There is no question that automotive product liability litigation is complex. However, self-collection is never a good idea. The Ford Unintended Acceleration Litigation is a case study on why it is a good idea to use archiving solutions and have expert witnesses conduct data collection.
The Plaintiffs argued that Ford did not have a reasonable search and collection methodology, because the data from custodians was all “self-collected.” Moreover, the self-collection appeared to be conducted by custodians using search terms in the internal email system, which were then stored on the company server. Burd v. Ford Motor Co., 2015 U.S. Dist. LEXIS 88518, *9-11 (S.D. W. Va. July 8, 2015).
The case continued down a bumpy road with bi-weekly conference calls with the Court. As the Court was faced with contradictory statements from both sides, the Plaintiffs were directed to take depositions of the custodians to investigate whether the search methodology was reasonable. Burd, at *13. Deposition testimony showed that key employees performed limited searches or no searches at all. Burd, at *35-36.
The parties also attempted to meet and confer over how to search for the responsive ESI. The Defendant took the position they would not share their search terms because 1) the search terms were work product; and 2) there actually was no list of search terms used, because each custodian developed their own search terms after discussing the case with counsel. Burd, at *14-15.
Ford argued against producing their own document retention policies as being irrelevant “non-merits” discovery. Burd, at *30. Moreover, Ford argued that information regarding their collection and production methodology was irrelevant “discovery on discovery” that invaded attorney work product. Burd, at *30-31.
The Court stated that the generic objections to “discovery on discovery” and “non-merits” discovery are outmoded and unpersuasive. Burd, at *34 (emphasis added). The Court went on to state:
Here, there have been repeated concerns voiced by Plaintiffs regarding the thoroughness of Ford’s document search, retrieval, and production. Although Ford deflects these concerns with frequent complaints of overly broad and burdensome requests, it has failed to supply any detailed information to support its position. Indeed, Ford has resisted sharing any specific facts regarding its collection of relevant and responsive materials. At the same time that Ford acknowledges the existence of variations in the search terms and processes used by its custodians, along with limitations in some of the searches, it refuses to expressly state the nature of the variations and limitations, instead asserting work product protection. Ford has cloaked the circumstances surrounding its document search and retrieval in secrecy, leading to skepticism about the thoroughness and accuracy of that process. This practice violates “the principles of an open, transparent discovery process.”
Burd, at *34.
The Court explained that document retention policies can be discovered through a Rule 30(b)(6) witness and were not contingent on a claim of spoliation. Burd, at *34-35. Moreover, the Court rejected the claim that the search terms used to identify responsive discovery was protected by the work product doctrine. Burd, at *36. Simply because an attorney discussed how to search with a custodian does not make the search terms and the results protected by the work product doctrine. Burd, at *36-37. The search terms could be produced without disclosing any substances of discussion with an attorney. Id.
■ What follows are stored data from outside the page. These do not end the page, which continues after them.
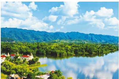 近年来,重庆市梁平区持续推进湿地保护修复各项工作,生态环境持续向好,向着天更蓝、地更绿、水更清、城市更宜居的目标不断迈进。图为6月25日,梁平区双桂湖国家湿地公园,蓝天白云与湿地、城市交相辉映。
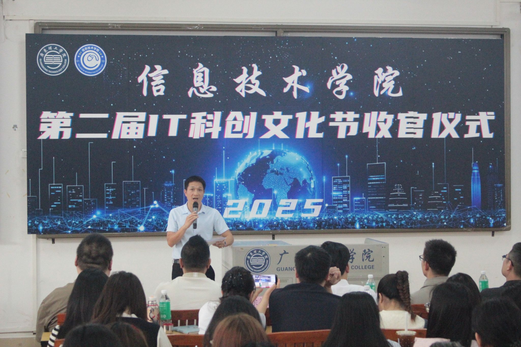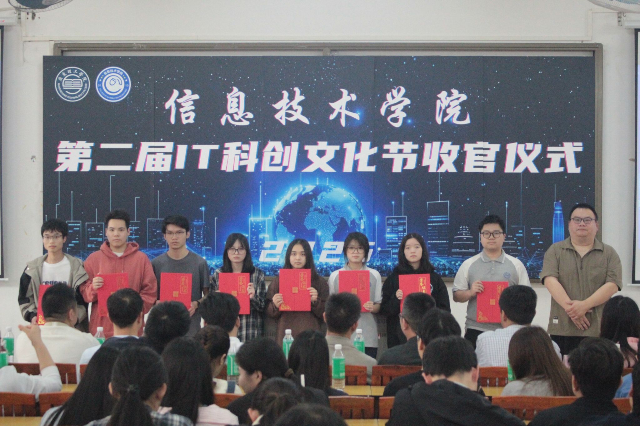 本网讯(信息技术学院 团委学生会)为了鼓励学生积极参加科技创新活动,提高学生创新精神,信息技术学院团委、学生会于2025年4月8日在42栋218举办了IT科创文化节收官仪式。
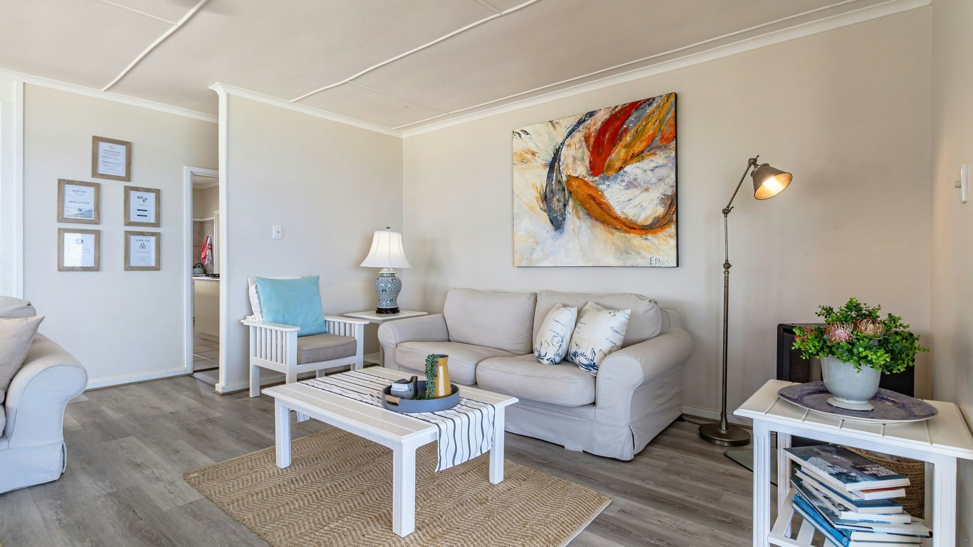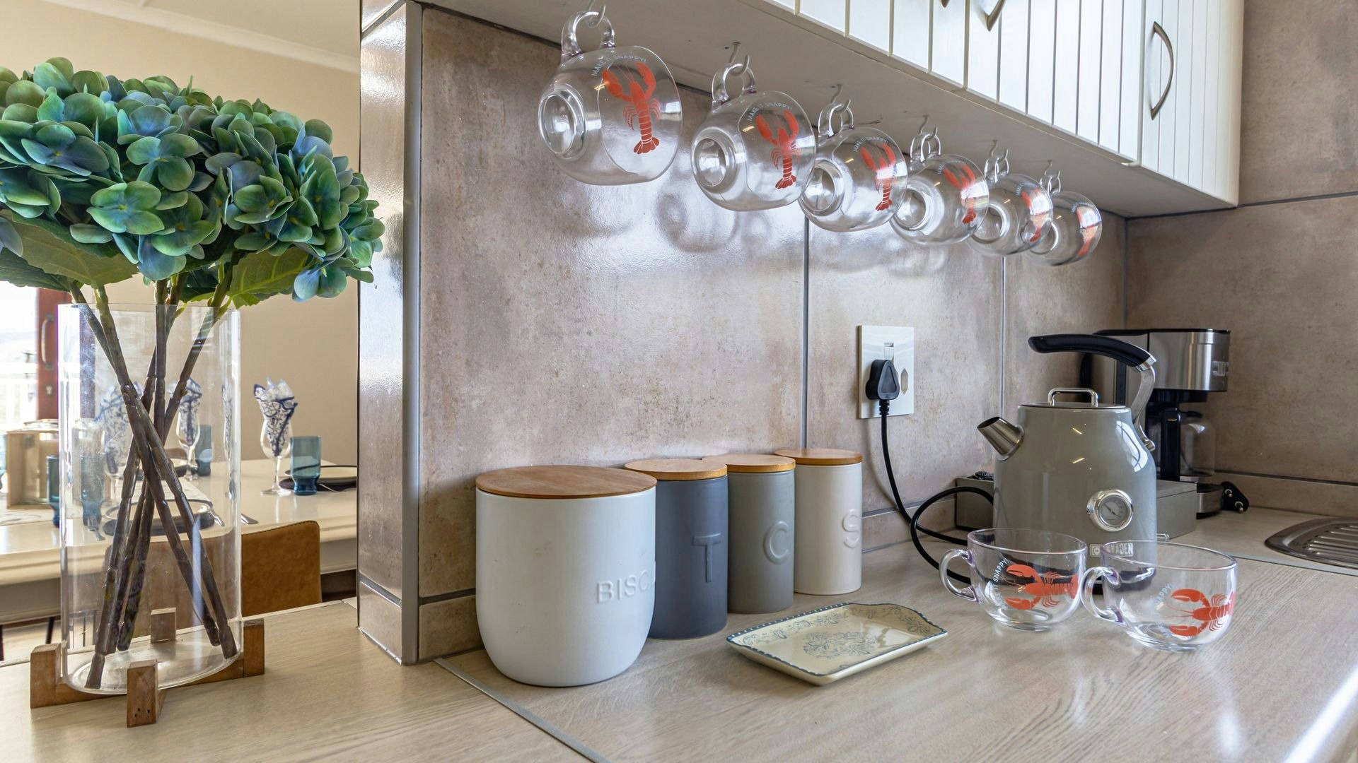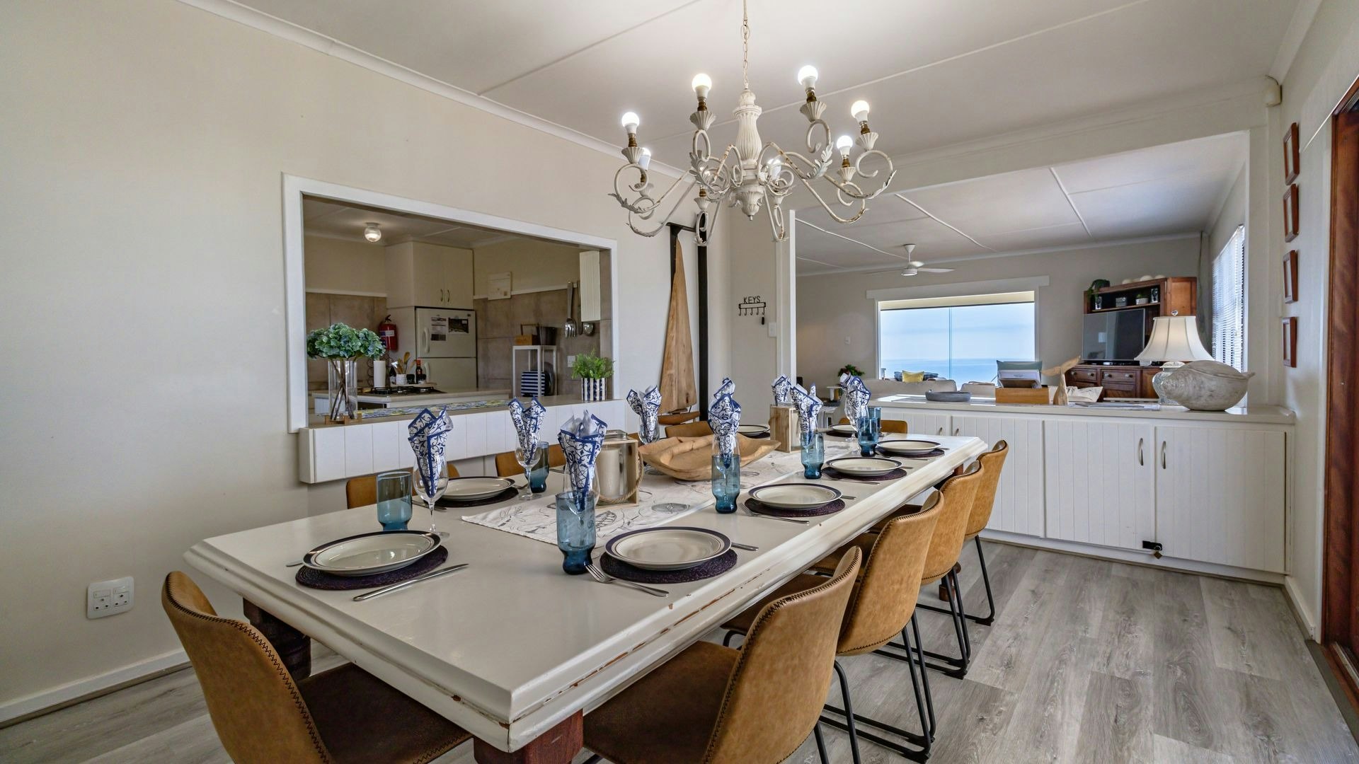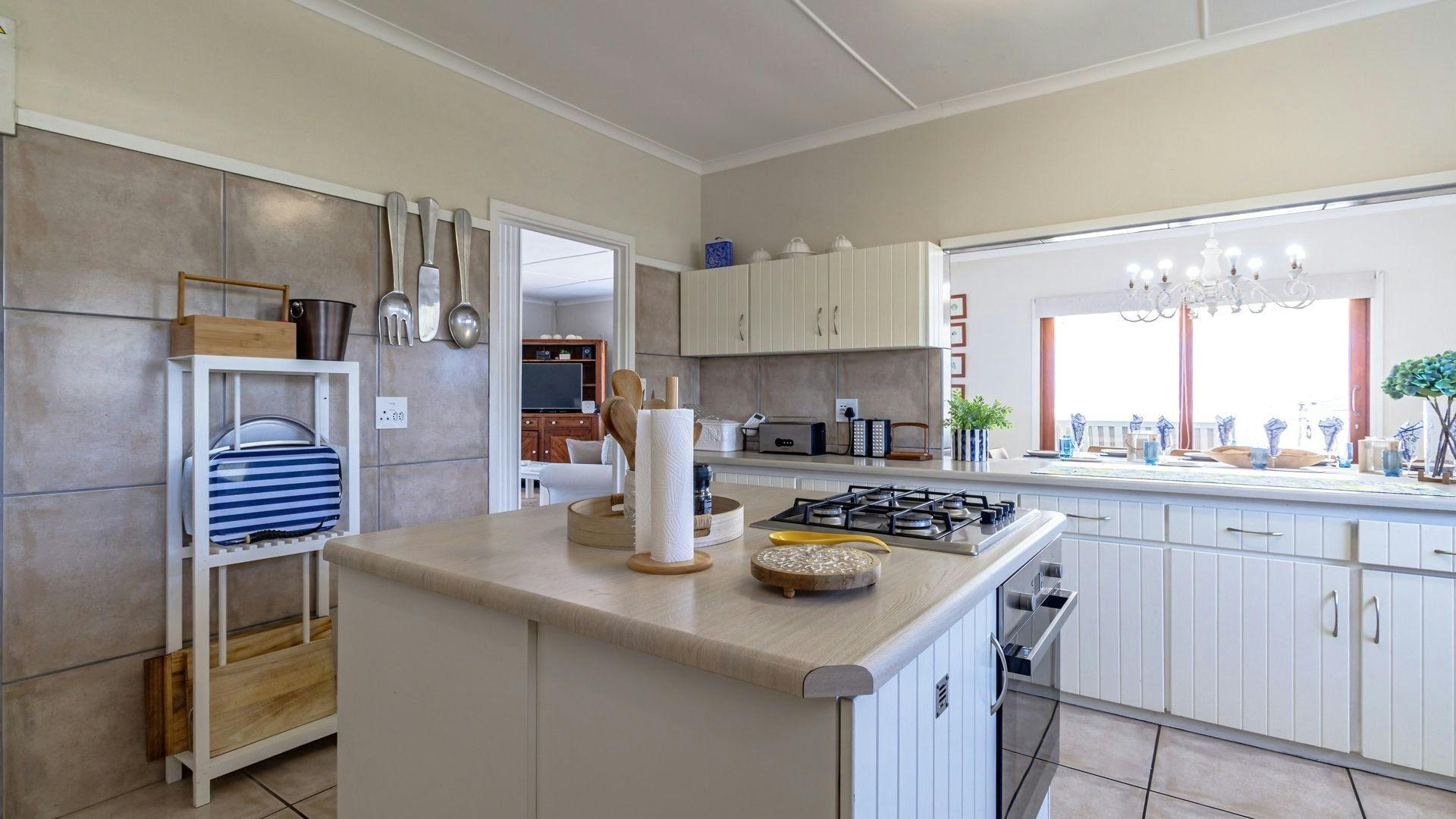 Die oopplan-leefarea beskik oor 'n kombuis wat volledig toegerus is met 'n gasstoof, oond, mikrogolf, yskas-vrieskas, eetgerei en breekware asook tee- en koffiemaakgeriewe. 'n Skottelgoedwasser, wasmasjien en tuimeldroër is ook beskikbaar. Vanuit hierdie kombuis lei 'n etenstafel waar gaste hul maaltye saam kan geniet. Die sitarea het gemaklike sitplek en 'n TV. Toegang tot gratis WiFi is beskikbaar.
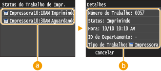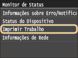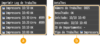 ![]() <Imprimir Log de Trabalho>Exibe uma lista de documentos que foram impressos. <OK> é exibido quando um documento foi impresso com sucesso, e <Erro> é exibido quando um documento falhou ao ser impresso pois foi cancelado ou ocorreu um erro.
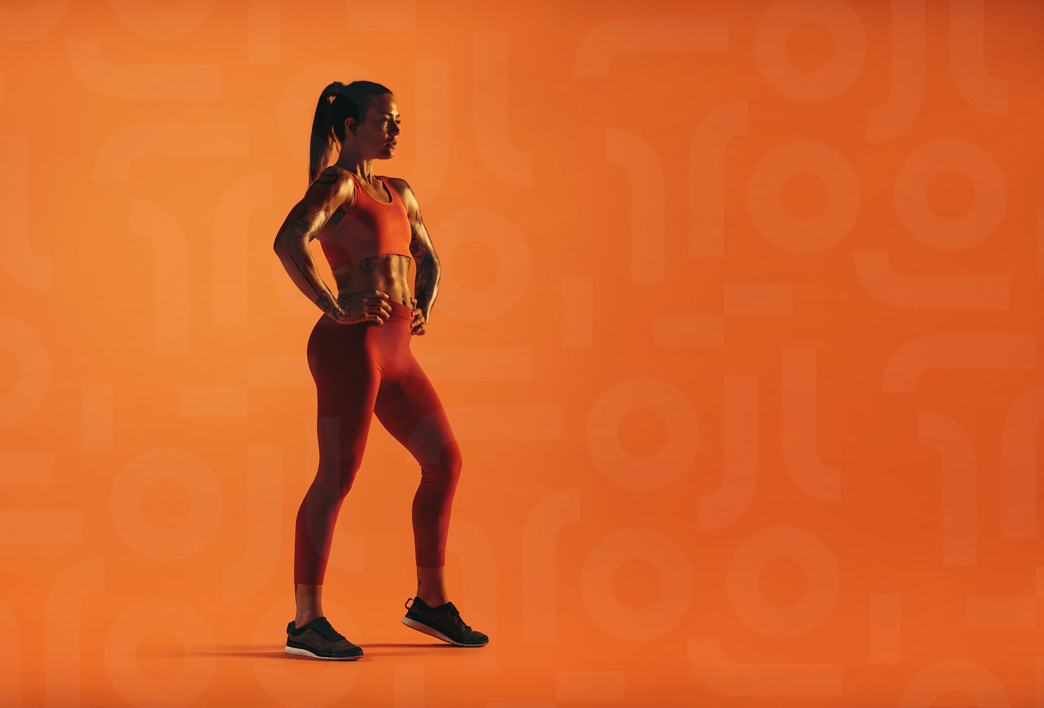 Side view of fit woman doing fitness training on orange background. Female athlete standing with hands on waist doing workout.
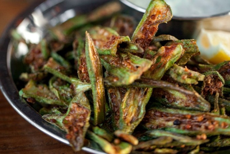 Crispy Fried Okra With Amchoor, Chile, and Cucumber Raita
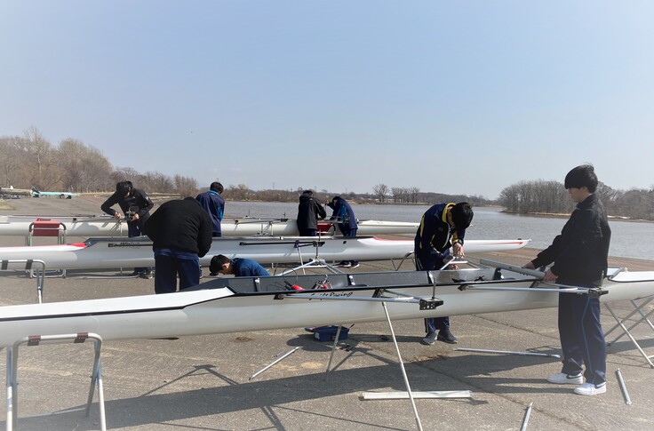 昨日は、この暖かさにさそわれて、札幌茨戸川では石狩翔陽高校ボート部員がいよいよリギングを始めました。
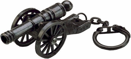 An accurate model of a cannon mounted on a wheeled chassis attached to a key chain.
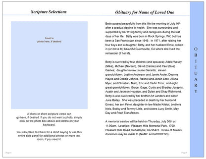 Enhance your funeral experience with our template editing service and have our graduated funeral program for you. Here's what's included:
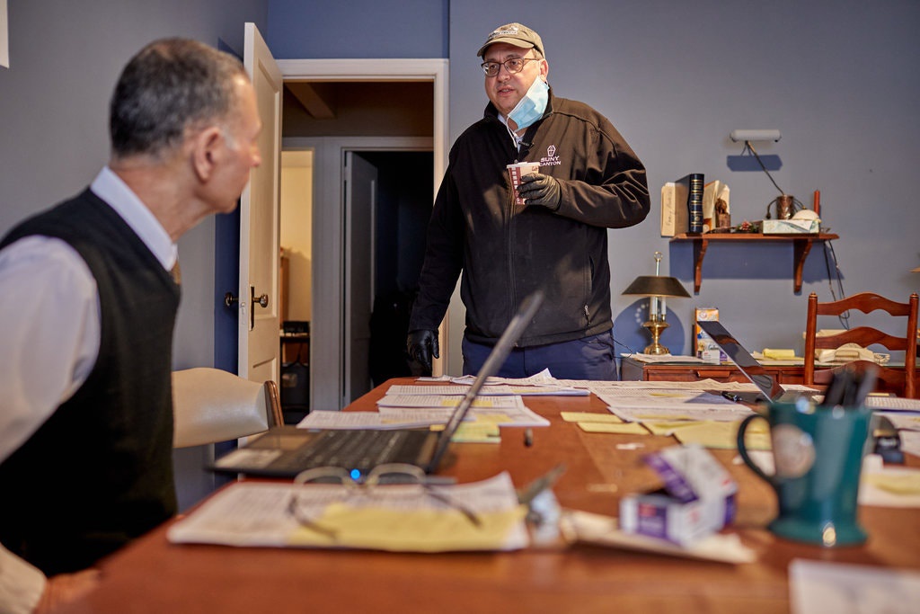 Giáo sư David Penepent (bên phải) trò chuyện cùng nhân viên nhà tang lễ. Ảnh: The New York Times.

The Court granted the Plaintiff’s motion for a deposition of a Rule 30(b)(6) witness on the Defendant’s search and collection methodology for a more transparent process and their collection methods. Burd, at *40-41. However, the Court did not rule on the issue of whether the Defendant had a reasonable collection process or adequate production, because the issue was premature. Id. Witnesses still had to be deposed. That being said, the Plaintiffs could file a new motion if the facts justified it. Id.
Bow Tie Thoughts
Self-collection is like driving a car without brakes. Defensibility requires that litigants document how electronically stored information is identified for collection. This traditionally is done by expert witnesses who use a chain of custody form, documenting search terms, processes, and results as they conduct their investigation. Custodians who are simply looking for ESI in Outlook, not documenting their process with any form of notes, run the huge risk of having an indefensible collection methodology. Moreover, one can argue that a lawyer could not certify the production under Rule 26(g) because the collection process was unreasonable.
Archiving solutions are a huge help to large organization in enacting litigation holds. Many have the ability to sequester custodians by date range and keywords. Alternatively, an expert witness can develop the proper collection methodology for the computer system in use. Once the data is defensibly collected, it can be reviewed for relevance by attorneys.
There is always a justified desire to control litigation costs. However, the discovery workflow of preservation, collection, review, and analysis cannot be shifted to custodians performing self-collection. Litigation requires forensic software used by experts and eDiscovery software used by attorneys to competently practice law.
My advice: put the brakes on self-collection.